Shield Of The Americas Summit set for Miami as Trump pushes new regional bloc

shield of the americas summit is being framed by President Donald Trump as a new presidential gathering in Miami on March 7, bringing together heads of state he considers ideological and strategic allies. The stated aim is to form a regional bloc aligned with Washington and strengthen strategic cooperation in security matters. Trump has also said the group will promote shared development goals and democratic stability, while seeking to contain China’s growing influence in Latin America and the Caribbean.
What Trump says the meeting will do
Trump has described the Miami meeting as a platform to tighten coordination among selected leaders in the region, with security cooperation positioned at the center of the agenda. He has also announced that the group will promote shared development goals and democratic stability.
The summit’s broader stated rationale includes limiting China’s growing presence in the region, which has expanded in trade and investment in infrastructure, technology, and natural resources. The U. S. government has identified that expansion as a central concern.
Attendees named so far and the parallel security push
Leaders cited as involved so far include Presidents Javier Milei (Argentina), Santiago Peña (Paraguay), Rodrigo Paz (Bolivia), Daniel Noboa (Ecuador), Nayib Bukele (El Salvador), Nasry Asfura (Honduras), and José Jerí (Peru). In Peru, Jerí’s removal from office for permanent moral incapacity is being debated in Congress four months after Dina Boluarte was removed, and with two months to go before presidential elections in April.
In Washington, D. C. this week, General Dan Caine, chairman of the Joint Chiefs of Staff, convened a Conference of Defense Chiefs of the Western Hemisphere with senior military officials from 34 countries in the region to coordinate regional defense and security strategies. Participants agreed on the importance of forming strong alliances, ongoing cooperation, and joint efforts to counter transnational criminal and terrorist organizations, as well as external actors seen as undermining regional security and stability. The gathering places the coming shield of the americas summit inside a wider push to organize the hemisphere’s security posture.
China’s role and Washington’s stated strategic priority
China’s growing influence is repeatedly positioned as the key strategic driver behind this new diplomatic push. The U. S. “National Security Strategy” published in November 2025 explicitly states that the country must play a hegemonic role in the region, and that China’s presence must be displaced to achieve that aim.

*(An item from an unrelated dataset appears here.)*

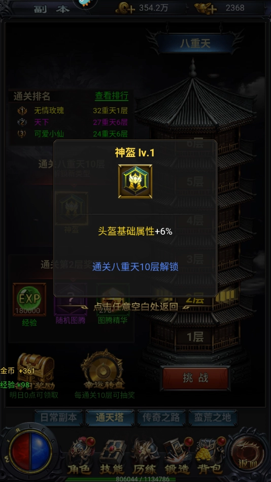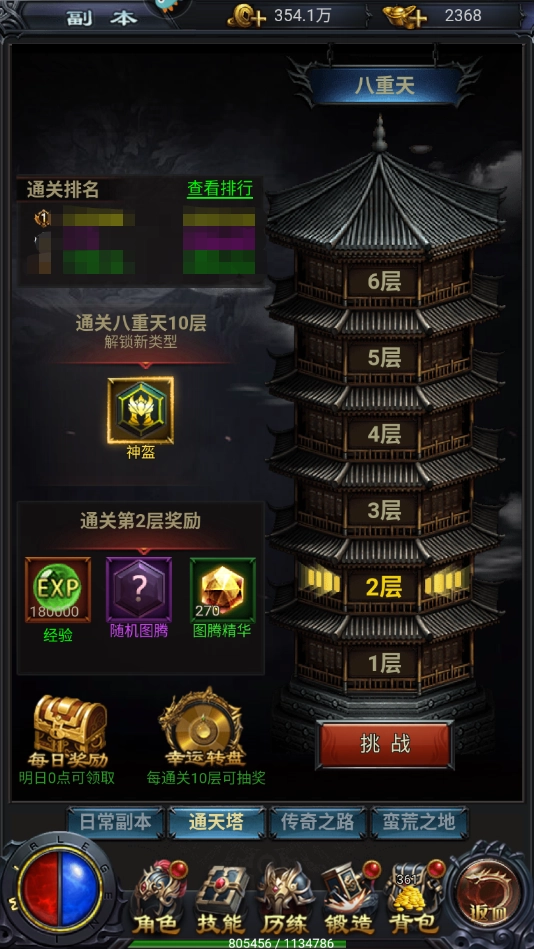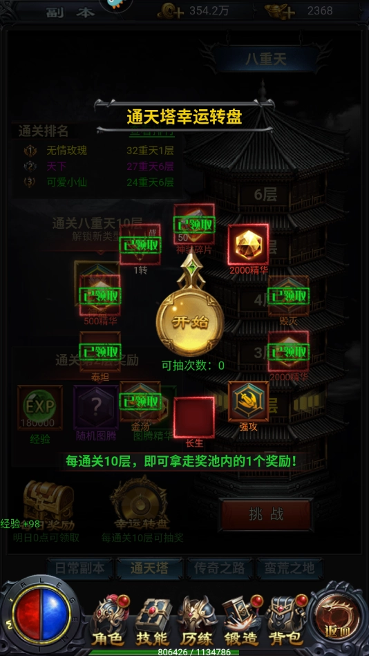 2、通天塔以十层为一重划分,每通过一重,怪物的战斗力就会显著增强。而且每突破十层,还能获得特殊奖励,像解锁图腾位置这类奖励,堪称提升战斗力的关键所在——多一个图腾位置,就能带来相当可观的战力增幅。

That posture has been reinforced through early moves by Trump’s administration. Secretary of State Marco Rubio’s first official trip after Trump took office on January 20, 2025, included visits to Guatemala, El Salvador, Panama, and the Dominican Republic. On that trip, Rubio said the United States would continue to provide assistance to nations that aligned themselves with U. S. national interests, and it marked the first time in more than 100 years that a Secretary of State visited the Central American and Caribbean region on a first official visit abroad.
Pressure points: Panama, military exercises, and Peru’s port concerns
Panama’s government was forced to withdraw from the Chinese initiative known as the Belt and Road Initiative (BRI), described as focused on modernization and interconnection of physical and digital infrastructure. In April 2025, military exercises carried out since 2006 under the bilateral defense cooperation agreement known as Panamax-Alpha, aimed at protecting the Panama Canal against transnational threats, took on strategic relevance: the exercises were prolonged and included more special forces than in recent years.
The same period coincided with what was described as the Pentagon’s unprecedented military deployment in the Caribbean, including the dispatch of warships, nuclear-powered submarines, and the aircraft carrier USS Gerald R. Ford, with an objective described as overthrowing the government of Nicolás Maduro and then suffocating the economy and civilian population of Cuba. Washington has also expressed concern over construction of the Chancay megaport in Peru, and Peru’s then-foreign minister Elmer Schialer and defense minister Walter Astudillo traveled to Washington, D. C. to meet with Defense Secretary Pete.
What’s next
The next fixed milestone is March 7 in Miami, when leaders are expected to meet under the banner of the shield of the americas summit. Any announced agreements on security coordination and development aims will set the direction of how this Washington-aligned bloc intends to operate, alongside the defense coordination already convened in Washington, D. C. Timing details beyond what has been publicly stated are not available in the provided information as of 10: 00 AM ET on March 5, 2026.